We are Human Scientists. Distilled from a long tradition of how we decide what is knowledge, that is, our ideas of what is true, Human Science, we believe, provides important insights on the knowledge and philosophical stance that Engaged Citizens and social movement activists need to embrace and the skills that they can employ to be effective participants in the larger work to preserve treasured democratic values.

Human Science provides theoretical framework for understanding social change, offers insights, and develops skills that people can embrace to make them more effective change agents wherever they choose to engage with others in creating a just and ecologically sustainable future.


JoAnn McAllister, PhD

I think I have been a social activist since the second grade when I socked another little girl who taunted me because I went to the first meeting without a uniform implying that my parents couldn’t afford one. It was probably true that week as I am sure they were living week to week on my father’s pay as a tool and die maker. But no one was going to put my family down. My sense of injustice arose very early and has shown up in more traditional ways since then as a volunteer stuffing envelopes for political campaigns, organizing a local environmental organization, writing one of the first citizen action handbooks for Earth Day, 1970; and participating in a variety of social movements, including Sanctuary, Peace, Food Security, and Domestic Violence.

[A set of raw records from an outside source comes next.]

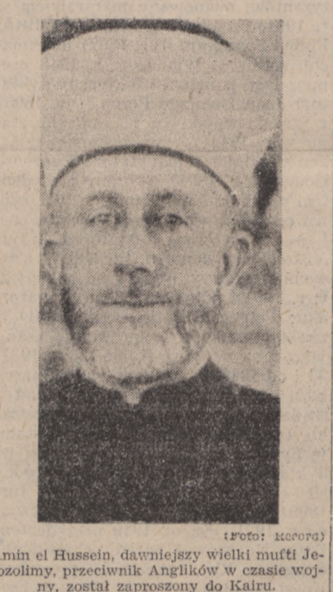
Amin el Hussein, dawniejszy wielki mufti Jerolimy, przeciwnik Anglików w czasie wojny, został zaproszony do Kairu.
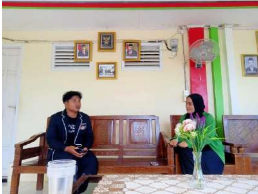
Wawancara Bersama Koordinator Budidaya Ikan Lele Pondok Pesantren Syekh Hasan Yamani
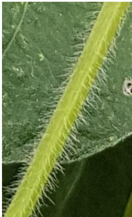
Slika 3. Sojine dlačice

Dlake soje su jednostanične i nastaju iz stanica epiderme. Svaka normalna sojina biljka prekrivena je dlakama. Postoje umjerene varijacije u broju, opsegu, orijentaciji i rasporedu dlačica, iako većina sorti ima prosječnu količinu dlaka koje su poredane zbijeno u razmaknutim vertikalnim redovima na stabljici (Vratarić i Sudarić, 2008.) Nadalje, postoje i sorte s vrlo gustim dlakama, poput krzna, kao i sorte koje imaju vrlo rijetke dlake na stabljici. Većina dlaka su pod pravim kutom, tj. uspravne su, no postoje i sorte kod kojih su dlake prilegnute. Boja dlaka je najčešće siva ili smeđa, a smeđe dlake su uglavnom dominantnije nad sivim.

It is this history, in fact, that sent me back to school in to do a master’s program in Culture and Spirituality and again to pursue a PhD in Human Science. I needed to know how people and social structures actually changed and found that few organizations had such a theory. I think I have a clearer understanding of how change happens now and how I can play an effective role as an individual in change organizations. For the last 10 years, I have been teaching graduate students, mostly mid-career people working for non-profits, community organizations, social service agencies, and NGO, how to apply a humanistic social science perspective to their research and to the development of programs and projects that can create real change where they live and work. They have shown me that learning to understand what shapes our beliefs and behaviors, one’s own and those of others, is essential to the collective work of creating a better world. While this may sound academic, it is not. Understanding why we believe what we do and why it is so hard to change beliefs and behaviors is everyday human science and something we can all do.

Jim Smith, MA

Coming of age at the time of the Civil Rights Movement and the Vietnam War, I have been involved in social movements for change in some form for most of my adult life. This involvement took me across many areas of the United States and parts of Europe in exploring the possibilities for social change. Learning that most people on the planet have essentially the same desires and needs led me to understand that, at the end of the day, we are all more alike than different. As such, working to bring about unity in our common desire for freedom and justice has always seemed to be the correct path that we should all be taking, rather than that of exclusion.

After taking time off to raise a family and finish a career in business, I returned to graduate school at the age of 67 to get my Master’s Degree in Human Science and I am now working on my dissertation for a PhD in Transformative Studies. Along with a few friends I was one of the founders of Montana Project Healing Waters, part of a national organization which takes disabled veterans on fly fishing trips as a part of their continuum of care. This work led me to see the crucial role of experiences in nature as healing for persons with post-traumatic stress (PTSD) and other disabilities. My MA thesis was The Role of Nature in Healing Victims of Trauma. This, in turn, awakened my awareness of the interconnection between social and environmental justice and the relationship between the destruction of the natural world and the divisive exploitation of people through globalized capitalism. So, I am back again to work in social movements to facilitate change through helping others to become engaged citizens.